Bueno. Yo generalmente me despertaba temprano todas las mañanas. Alrededor de las 5 am. Me gusta la tranquilidad de esa hora, el silencio. Mi esposa y mis hijos durmiendo, me gustaba ver a los chicos dormir, esas bellas caritas, con una expresión de pequeños angelitos. Prendía mi computadora, me preparaba un café y escribía los informes del día anterior. Los que podía, lo que mi cabeza podía elaborar a esa hora, que era la más productiva.

A las 9 tomaba mi auto y me dirigía hacia la universidad, en donde trabajo. Soy profesor asociado de la cátedra “Ritos Medievales” de la Carrera de Exorcismo de la UBA. Esa semana estábamos estudiando el “Statua Ecclesiæ Latinæ”.

Mis alumnos eran aplicados, no eran muchos. En los primeros años la mayoría hacían sus prácticas con algún Poseso y abandonaban. No es fácil que te vomiten y te insulten en lenguas que desconoces.

Mi materia era del último año, así que la mayoría de ellos eran casi profesionales. Pero algunos tenían temores, al igual que cualquiera de nosotros. El giro de 360 grados de la cabeza era algo que a mí, con años de experiencia, todavía me seguía impresionando.

Tenía un alumno brillante, Mario Alaníz, exorcista nato. Pasaba todos los exámenes con diez. Un día trajimos a la Facultad a una actriz de telenovelas posesa. Estaba hablando en alguna lengua muerta (o puede haber sido portugués, no sé, pero era muy molesto). Llegó Alaníz y le dijo “SÁQUESE” y a la mierda, el demonio se fue. La verdad que yo quedé impresionado. Todos aplaudían. Él se dio media vuelta y se fue, era medio engreído. Y así como existía un Alaníz existía un opuesto. Veliz, un chanta.

Es de conocimiento popular que en nuestra Facultad, muchos de los Posesos terminan muertos. Cosas propias de la profesión. Un día Veliz entró con una mina del brazo gritando: “¡Está poseída!”. Se juntó mucha gente por el alboroto que armó. La chica lucia normal, era bastante bonita, una belleza prudente.

-Fernando, ¿Por qué me haces esto, si sabes que estoy bien?

-Escuchen – dijo mirando a los que se habían reunido – Sabe mi nombre, maldito demonio.

-¡Soy tu novia Fer!, ¿Por qué no hablamos de lo que nos pasa?

No termino de decir “pasa” y Veliz le aplicó un puñetazo certero al medio de los dientes.
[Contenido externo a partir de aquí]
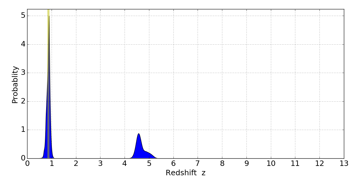 In P(z) plots: Yellow lines mark the cluster redshift z = 0.870,

Volaron un par de piezas.

-¡Hijo de ffuta!

-¡Está blasfemando! – otra piña, ahora al lado de la oreja izquierda.

Uno de los alumnos nos alertó de lo que estaba pasando. En verdad era la novia. Ya habían llegado los pasantes con las sogas, el agua bendita y demás herramientas. Paramos todo en el acto.

-Señor Fernando Veliz, deje a esta chica en paz y por favor le vamos a pedir que deje las instalaciones del Hospital de la UBA porque a partir de este momento está usted expulsado. Retírese por favor.
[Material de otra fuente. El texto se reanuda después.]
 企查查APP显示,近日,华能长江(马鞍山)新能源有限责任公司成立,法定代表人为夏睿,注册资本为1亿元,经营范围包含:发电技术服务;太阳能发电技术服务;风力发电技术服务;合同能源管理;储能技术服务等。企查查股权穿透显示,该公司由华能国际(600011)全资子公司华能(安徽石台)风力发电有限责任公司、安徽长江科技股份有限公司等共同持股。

Esto no era nada nuevo, pasaba seguido,  con novias, suegras, amantes, de todo. Pero era notable la reincidencia de estos eventos con las suegras. Uno de los peores casos fue el de un astrólogo. Fue trágico.
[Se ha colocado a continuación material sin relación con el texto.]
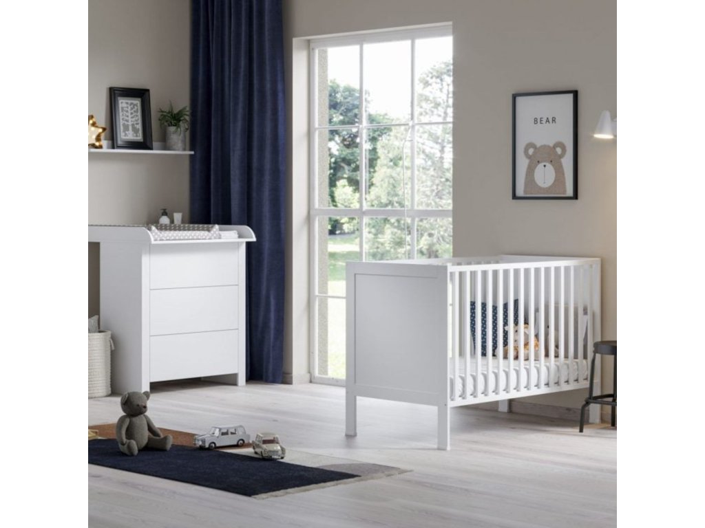 Táto pevná detská postieľka VERONICA s rozmermi 120x60 je určená pre bábätká od narodenia. Vďaka univerzálnemu dizajnu je vhodná do chlapčenskej aj dievčenskej izby. Neutrálny dizajn a jednoduchý geometrický vzor z nej robia perfektný doplnok do zvyšku detskej izby.

Llego a nuestras manos para que lo atendiéramos. Era muy molesto. Pedíamos a los pasantes las sogas en voz baja y él nos decía:”No quiero que me aten”. Estábamos por rezar una oración en arameo y él:”Baruch atah adonai elohaynu, melech ha olam”. Uno de los alumnos cansado le dijo:”Tirame los números del Quini” y el tipo: “36, 12, 45, 10, 23, 00”. Todos nos cagamos de risa menos dos de nuestros pasantes que los anotaron en sus celulares.

-¡Dejen de hinchar las pelotas con eso! ¡Este tipo es una chanta!

-Doctor, ¿No quiere saber lo que hace su mujer mientras usted está aquí?

Me lo tomé con calma, no era la primera vez que me pasaba.

-Si sos tan bueno… ¿No sabías que te iban a traer aquí?

-Estoy aquí por Ud. Doctor, para ayudarlo.

El tipo sabía cómo ponerme nervioso.

-¿Ah, sí? ¿Y cómo?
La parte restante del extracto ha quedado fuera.